This is the first in a series of posts in which I plan to examine one of the fundamental concepts in ecology - the species-area relationship
Species conservation has always been intimately linked with the idea of habitat conservation. While habitat quality determines the amount of habitat required to protect a viable population of a given species, it’s only a modifier - the determining factor is area. Habitat quality can determine whether you need more or less area, but area is still the critical factor. While protected areas can be set aside for specific species, more commonly protected areas seek to protect as many species as possible. More land is likely to protect more species, but there are other factors that influence conservation decisions like the cost of land acquisition and the competing interests such as agriculture, mining or housing development.

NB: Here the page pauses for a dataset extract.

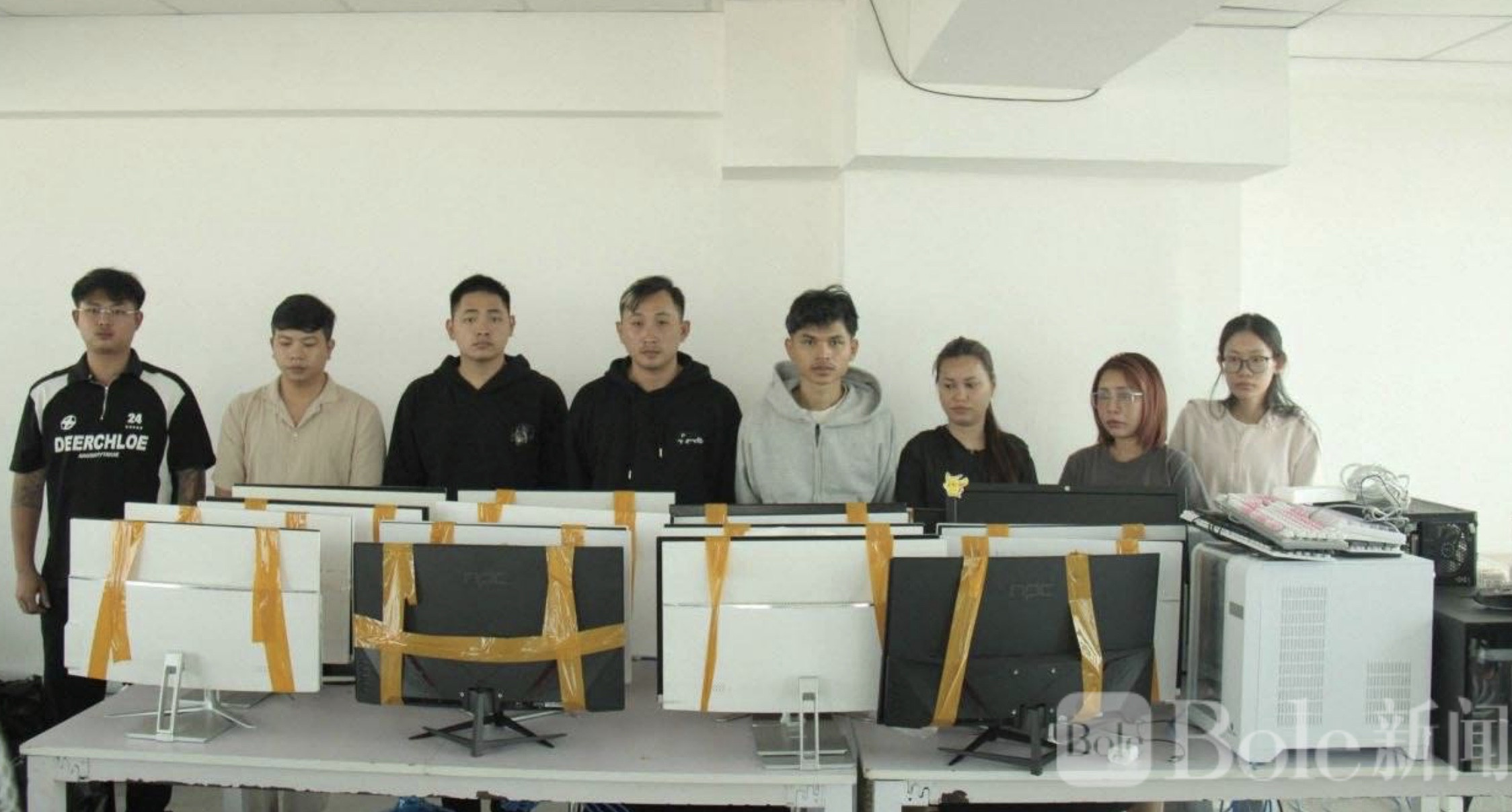 Bole新闻专讯:3月27日下午,金边市执法部门联合军警部队展开快速突击行动,一处隐藏在堆谷区时代广场3号的非法网络赌博窝点被彻底捣毁。行动中,执法人员迅速控制现场,依法逮捕8名涉案人员,包括男女各类工作人员,并当场查获多台用于网络赌博的电脑及相关设备。

One way to maximise the number of species in a protected area is to include as many habitat types as possible. If you include a forest, a meadow, a marsh and a lake in your protected area, you are likely to get a lot more species than you would if you only had forest habitat. The heterogeneity of the area increases the number of species. (After all, you don’t find a lot of fish in a pine forest, or field mice in a lake.) But again, this overlays a simple factor of area. A larger tract of forest will probably have more species than a smaller tract of forest. A larger section of a marsh will probably have more species than a smaller section of marsh. This fact, known as the species-area relationship is fundamental in both ecology and conservation biology. The existence of a relationship between species richness and area is obvious to anyone who has taken the time to think about it, but it is still interesting enough that it has attracted the attention of generations of ecologists.
The fact that species richness increases with area is apparently to anyone who has taken a walk through a park. If I step outside my door and count the number of bird species I see, the number of species will increase as my sample increase. If my sample unit is “number of birds” (i.e., I sit on the front step and count birds) I will be compiling a species-individual curve. If my sample unit is area, I will be compiling a species-area curve. Since individuals exist in space, these two relationships are closely related (especially for things like plants, which are nice enough to stay put and wait for you to come and count them).

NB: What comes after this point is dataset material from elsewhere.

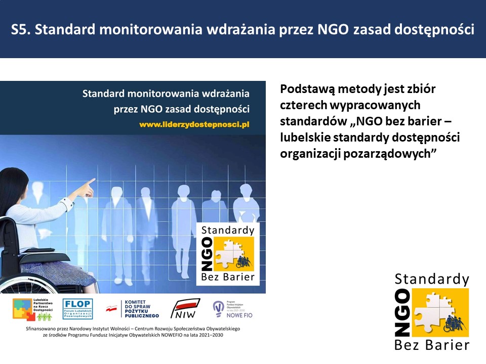 Dostępność jest jak mapa drogowa, która nie ma jednej drogi i nigdy się nie kończy. Potrzebne są standardy stanowiące drogowskaz, które wyznaczą kierunek i wskażą skuteczne rozwiązania związane z wdrażaniem dostępności. W tym zakresie standardy często wyprzedzają przepisy prawne oraz mają formę zaleceń. W wielu przypadkach standardy dostępności, dedykowane NGO, będą stawiały przed nimi wymagania wyższe niż te, które wynikają z aktualnych przepisów prawnych.

So lets say I start out from my door. The first thing I will see are sparrow - lots of sparrows. If I go north I am almost certain to see a robin on the lawn. Go a little further and I will see starlings and cowbirds, maybe some grackles. If I’m lucky, I will see some scissortail flycatchers. As my sample area increase, my species list can either stay the same, or increase. The smallest sample area - within a few feet of my front door - will have one species of bird. Increase that area to include the nearest patch of lawn, and I have two bird species. Keep going and I will add a third and a fourth. As long as I include everything I’ve seen already (what is called a nested species-area curve) there’s no way for my species list to decrease.

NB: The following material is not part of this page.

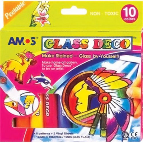 Üvegfóliafesték készlet, AMOS, 10 különböző szín. - /csom (10 db)
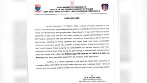 - BJP Expresses Concern Over Violence in Garo Hills, Calls for Peace and Strict Action Against InfiltrationShillong, March 12: The Bharatiya Janata Party (BJP) has expressed deep concern over the incidents of violence that occurred on March 9 and 10 […]

So we have deduced the existence of a species-area relationship. Seems a bit too trivial to be science, doesn’t it? Well, you’re right. There’s much more to it than that, but it all builds on some extremely basic ideas. But like any good idea in science, there’s plenty of predictable behaviour, and then there are the things that are a bit more difficult to figure out. In future posts I will look at some of these expected - and unexpected - behaviours, and how they helped make conservation biology into a scientific discipline.